• [YOUR GOAL]
Take the data below and copy exactly the lines starting at the one with "Usage: Apply 3-4" and finishing at the one with "Cool neon pink", both included.

• [DATA FOR REVIEW]

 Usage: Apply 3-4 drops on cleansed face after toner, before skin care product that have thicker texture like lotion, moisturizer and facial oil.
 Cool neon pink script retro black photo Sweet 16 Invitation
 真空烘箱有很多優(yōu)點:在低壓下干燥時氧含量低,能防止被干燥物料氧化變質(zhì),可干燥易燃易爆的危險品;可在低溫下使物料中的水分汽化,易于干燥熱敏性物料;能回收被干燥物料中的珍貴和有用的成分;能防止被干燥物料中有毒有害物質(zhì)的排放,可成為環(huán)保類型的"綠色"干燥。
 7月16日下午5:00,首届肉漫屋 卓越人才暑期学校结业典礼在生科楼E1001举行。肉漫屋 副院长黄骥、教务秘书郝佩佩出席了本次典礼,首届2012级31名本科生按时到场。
==
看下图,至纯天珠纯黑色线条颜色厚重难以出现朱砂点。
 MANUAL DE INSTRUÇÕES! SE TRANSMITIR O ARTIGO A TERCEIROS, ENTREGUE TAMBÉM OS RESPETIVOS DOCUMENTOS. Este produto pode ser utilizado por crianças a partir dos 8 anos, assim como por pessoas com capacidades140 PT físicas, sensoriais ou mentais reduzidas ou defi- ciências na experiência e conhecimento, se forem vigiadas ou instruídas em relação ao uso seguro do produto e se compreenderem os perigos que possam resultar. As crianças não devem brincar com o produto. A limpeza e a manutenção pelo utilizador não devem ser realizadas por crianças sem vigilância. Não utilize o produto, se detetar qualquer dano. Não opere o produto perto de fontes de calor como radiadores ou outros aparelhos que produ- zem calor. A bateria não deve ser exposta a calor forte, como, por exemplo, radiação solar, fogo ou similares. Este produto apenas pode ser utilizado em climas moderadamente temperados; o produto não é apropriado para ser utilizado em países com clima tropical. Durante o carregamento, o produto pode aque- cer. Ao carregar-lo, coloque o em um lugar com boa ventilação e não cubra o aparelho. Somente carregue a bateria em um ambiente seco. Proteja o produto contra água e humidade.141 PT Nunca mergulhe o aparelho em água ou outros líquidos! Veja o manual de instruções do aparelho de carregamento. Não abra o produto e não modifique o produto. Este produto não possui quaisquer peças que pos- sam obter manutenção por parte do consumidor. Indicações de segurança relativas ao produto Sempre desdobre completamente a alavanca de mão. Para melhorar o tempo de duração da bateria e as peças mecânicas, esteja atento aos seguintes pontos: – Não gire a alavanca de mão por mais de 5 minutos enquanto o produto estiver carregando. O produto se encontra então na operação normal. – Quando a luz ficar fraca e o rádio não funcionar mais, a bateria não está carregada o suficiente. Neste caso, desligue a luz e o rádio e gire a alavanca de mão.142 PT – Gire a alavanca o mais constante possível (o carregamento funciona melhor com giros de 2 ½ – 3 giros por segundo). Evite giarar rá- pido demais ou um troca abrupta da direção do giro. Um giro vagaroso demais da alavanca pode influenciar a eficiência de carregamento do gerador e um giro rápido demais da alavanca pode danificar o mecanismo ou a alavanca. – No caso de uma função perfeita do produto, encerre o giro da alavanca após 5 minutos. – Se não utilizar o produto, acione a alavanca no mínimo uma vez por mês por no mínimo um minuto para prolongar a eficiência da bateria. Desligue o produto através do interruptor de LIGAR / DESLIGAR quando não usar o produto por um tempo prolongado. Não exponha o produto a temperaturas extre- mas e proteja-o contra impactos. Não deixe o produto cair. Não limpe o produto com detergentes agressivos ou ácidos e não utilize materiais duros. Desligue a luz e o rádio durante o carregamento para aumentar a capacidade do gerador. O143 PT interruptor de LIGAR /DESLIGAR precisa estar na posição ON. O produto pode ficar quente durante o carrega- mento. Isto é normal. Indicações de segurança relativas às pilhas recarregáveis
...
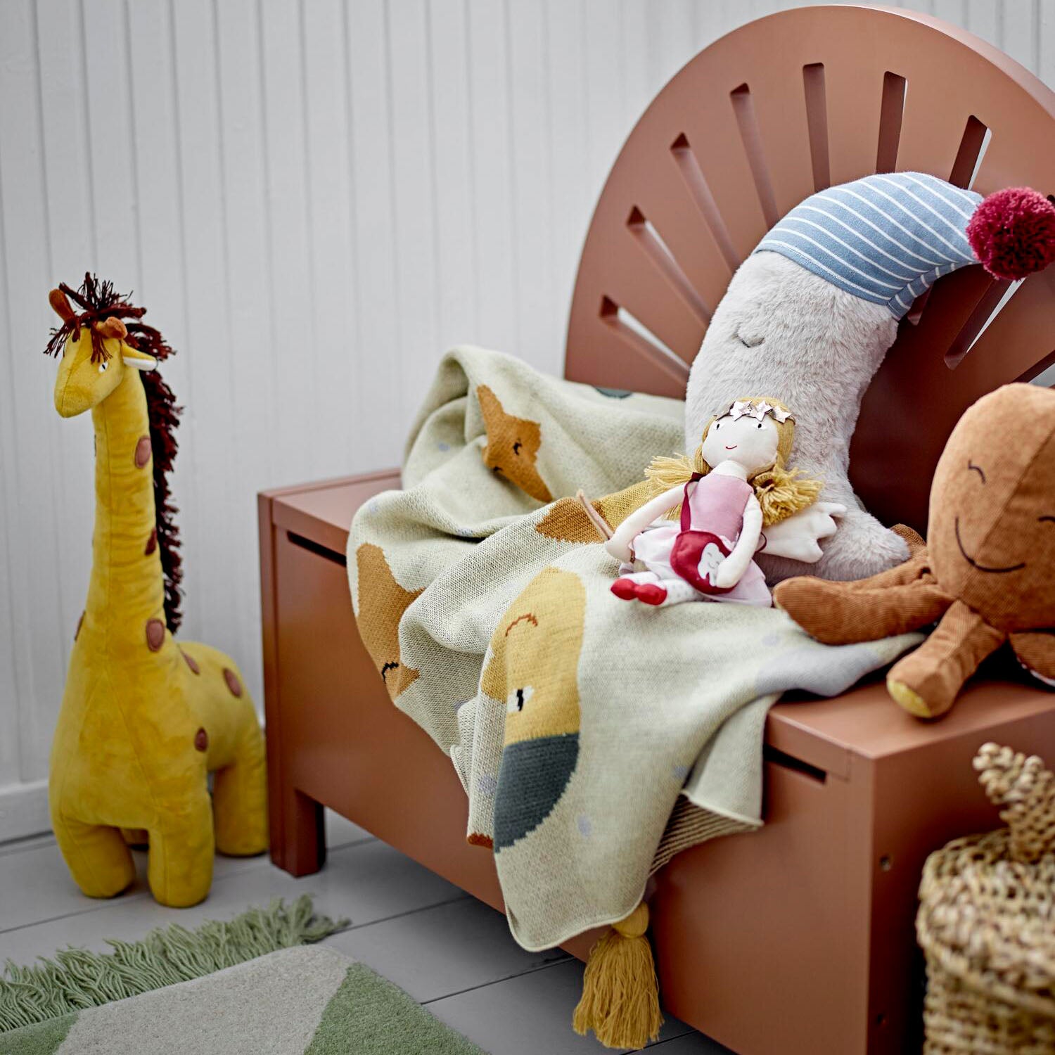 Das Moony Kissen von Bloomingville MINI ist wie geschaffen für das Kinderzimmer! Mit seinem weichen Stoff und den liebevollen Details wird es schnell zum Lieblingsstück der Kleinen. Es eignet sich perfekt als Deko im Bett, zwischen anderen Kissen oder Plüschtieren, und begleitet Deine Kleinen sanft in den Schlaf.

• [SOLUTION]
 Usage: Apply 3-4 drops on cleansed face after toner, before skin care product that have thicker texture like lotion, moisturizer and facial oil.
 Cool neon pink script retro black photo Sweet 16 Invitation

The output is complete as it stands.